_Information shown:_
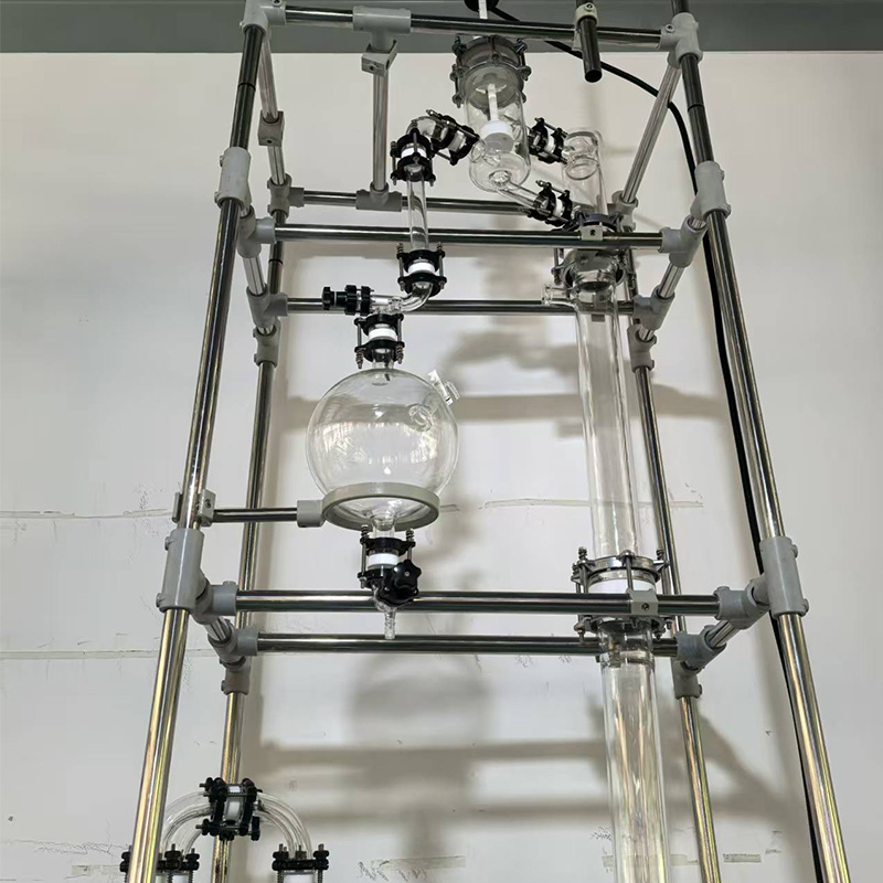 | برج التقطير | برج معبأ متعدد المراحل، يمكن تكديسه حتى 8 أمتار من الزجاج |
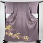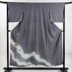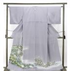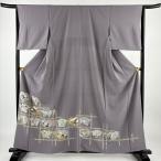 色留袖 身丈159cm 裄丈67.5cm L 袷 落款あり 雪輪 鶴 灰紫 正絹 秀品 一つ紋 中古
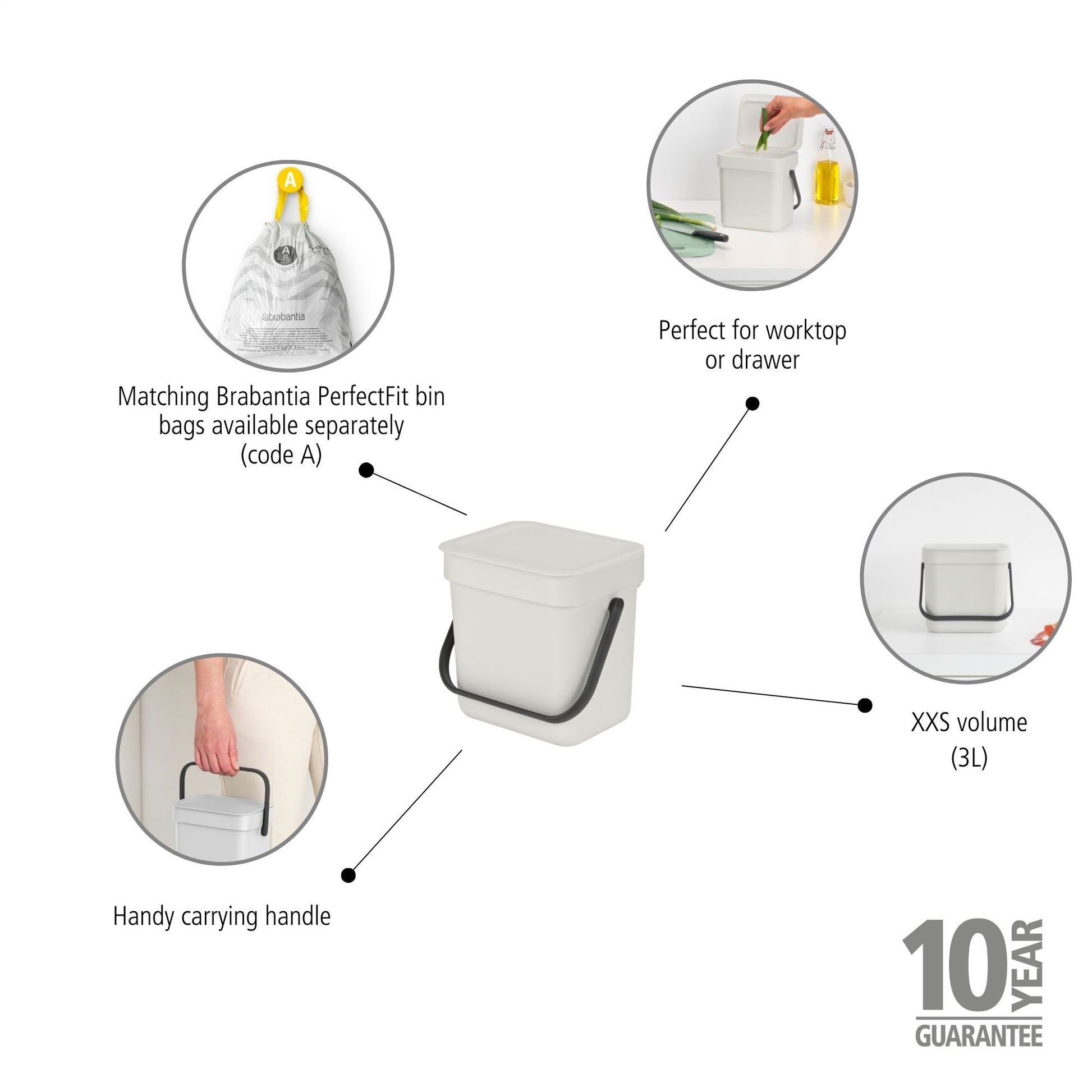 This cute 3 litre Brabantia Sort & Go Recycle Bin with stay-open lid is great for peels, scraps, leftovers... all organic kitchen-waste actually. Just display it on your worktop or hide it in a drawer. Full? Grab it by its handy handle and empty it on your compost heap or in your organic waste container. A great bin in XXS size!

_Exercise prompt:_ What is needed is the listing above, repeated verbatim, without its images.

_Answer for this exercise:_
 | برج التقطير | برج معبأ متعدد المراحل، يمكن تكديسه حتى 8 أمتار من الزجاج |
 色留袖 身丈159cm 裄丈67.5cm L 袷 落款あり 雪輪 鶴 灰紫 正絹 秀品 一つ紋 中古
 This cute 3 litre Brabantia Sort & Go Recycle Bin with stay-open lid is great for peels, scraps, leftovers... all organic kitchen-waste actually. Just display it on your worktop or hide it in a drawer. Full? Grab it by its handy handle and empty it on your compost heap or in your organic waste container. A great bin in XXS size!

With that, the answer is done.